Читаем Эмиграция как литературный прием полностью

И в этом смысле я никуда не уезжал из Москвы. Потому что меня интересует Москва в моем сердце и памяти, как и Москва в головах моих московских друзей — мне плевать на железный занавес и советских пограничников. Речь идет о революции в головах — об эмиграции как о готовности отказаться от себя прежнего, советского, компанейского, кружковского, партийного, профсоюзного, митингового и закадычного, и вспомнить, что кроме любви и дружбы и двух берегов у одной реки есть еще и небо. Речь идет о предпочтении истины — родине, по Чаадаеву. И революция эта произошла не только с теми, кто фактически отбыл за железный занавес, но и с теми, кто осознал существование этой жуткой перегородки.
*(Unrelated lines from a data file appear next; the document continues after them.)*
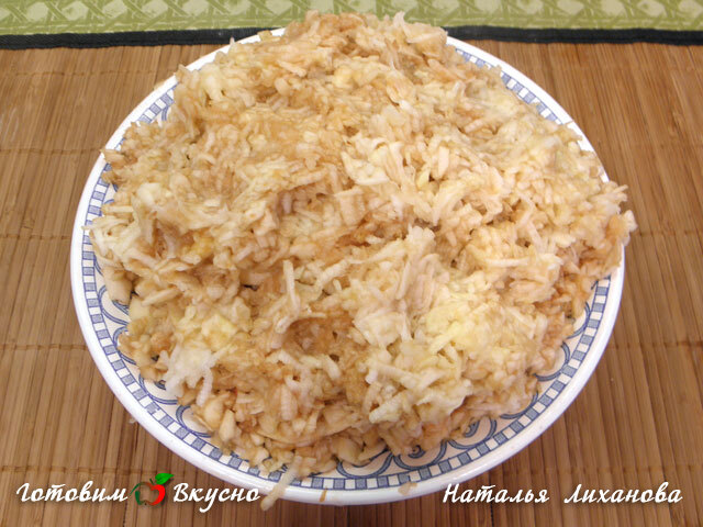 I blended the apples to speed up the process. However, it's better to use a grater, in this case, the apple mixture becomes uniform and juicy.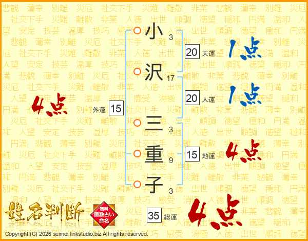 小(3画)沢(17画) 三(3画)重(9画)子(3画)
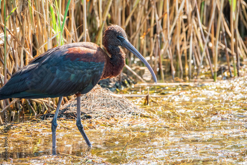 The glossy ibis, latin name Plegadis falcinellus, searching for food in the shallow lagoon.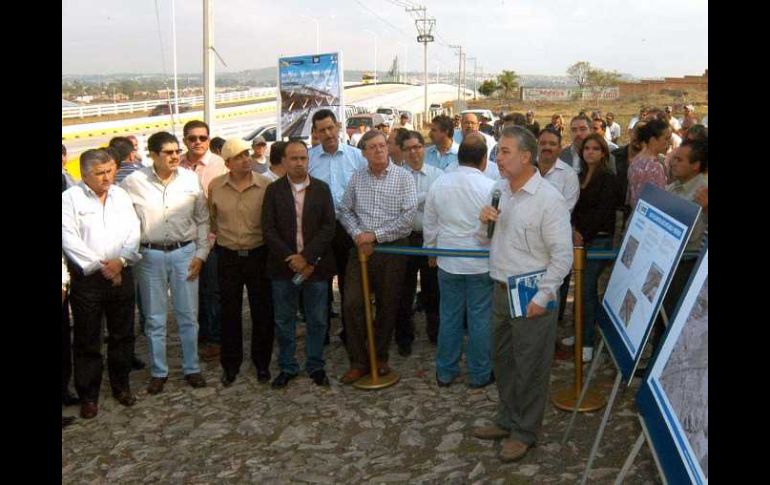 Jalisco | La obra tiene una longitud total de 490 metros y una altura de 5.95 metros Inauguran Nodo Vial en la Carretera libre a Zapotlanejo y Periférico Este proyecto ayudará a dar más fluidez al tránsito vehicular de la zona, el cual asciende a 20 mil vehículos Por: EL INFORMADOR 16 de junio de 2010 - 16:50 hs González Márquez aprovechó el evento para proponer a los munícipes sustituir el pavimento asfáltico por concreto hidráulico. ESPECIAL. / GUADALAJARA, JALISCO (16/JUNIO/2010).- Este día quedo formalmente abierto a la circulación el Nodo Vial de la Carretera libre a Zapotlanejo y Periférico Oriente, que ayudará a dar más fluidez a los 20 mil vehículos que circulan por esta artería. El Gobernador del Estado, Emilio González Márquez, supervisó la apertura de este paso elevado que forma parte del Plan Integral de Movilidad. La obra tiene una longitud total de 490 metros y una altura de 5.95 metros; tuvo una inversión de 70 millones de pesos. El mandatario resaltó que esta obra forma parte de la conclusión del anillo periférico. Agregó que está satisfecho por el avance de obras que cumplen con los planes de movilidad urbana. “Este proyecto consiste en consolidar como vías de flujo continuo, sin semáforos las arterias principales de la Zona Metropolitana de Guadalajara, correspondientes a las avenidas López Mateos, Lázaro Cárdenas y el Anillo Periférico”. González Márquez señaló que estas obras dan cumplimiento al Plan Estatal de Desarrollo, en particular al proyecto de movilidad, del cual ya tenían conocimiento los presidentes municipales desde octubre de 2009. Además aprovechó para plantear una alternativa al problema de baches que existe en las calles de la Zona Metropolitana de Guadalajara, ya que los ayuntamientos y el Estado no cuentan con el dinero suficiente y el temporal de lluvias ya empezó. En el evento se dieron cita el Presidente de la Cámara Mexicana de la Industria de la Construcción, Gustavo Arballo; el Secretario de Desarrollo Urbano, Sergio Carmona Ruvalcaba; el presidente municipal de Tonalá, Antonio Mateos Nuño; de Tlajomulco, Enrique Alfaro Ramírez, y de Tlaquepaque, Miguel Castro Reynoso, entre otros invitados. Temas Vialidad Emilio González Movilidad urbana Obras en Periférico Lee También Sociales: Che Eguiarte 40’s party Cierres viales por la Romería 2025 comienzan este jueves Sociales: Domingo en los toros, concluye la primera parte de la Temporada Grande 2025 Aliados UNIVA fortalece lazos en la educación Recibe las últimas noticias en tu e-mail Todo lo que necesitas saber para comenzar tu día Registrarse implica aceptar los Términos y Condiciones

Наверное, в Советском Союзе не было ни одного, кто так или иначе не решал бы для себя вопрос об отъезде, и как бы этот вопрос ни был решен лично, даже если человек остается, — он уже не останется прежним. Это и есть бескровная революция. Это и есть революция Февраля. На смену Февралям приходят Октябри — по новому календарю. И, скорее всего, той или иной диктатурой большинства закончится и нынешняя эпоха эмиграции, как внутренней, так и внешней.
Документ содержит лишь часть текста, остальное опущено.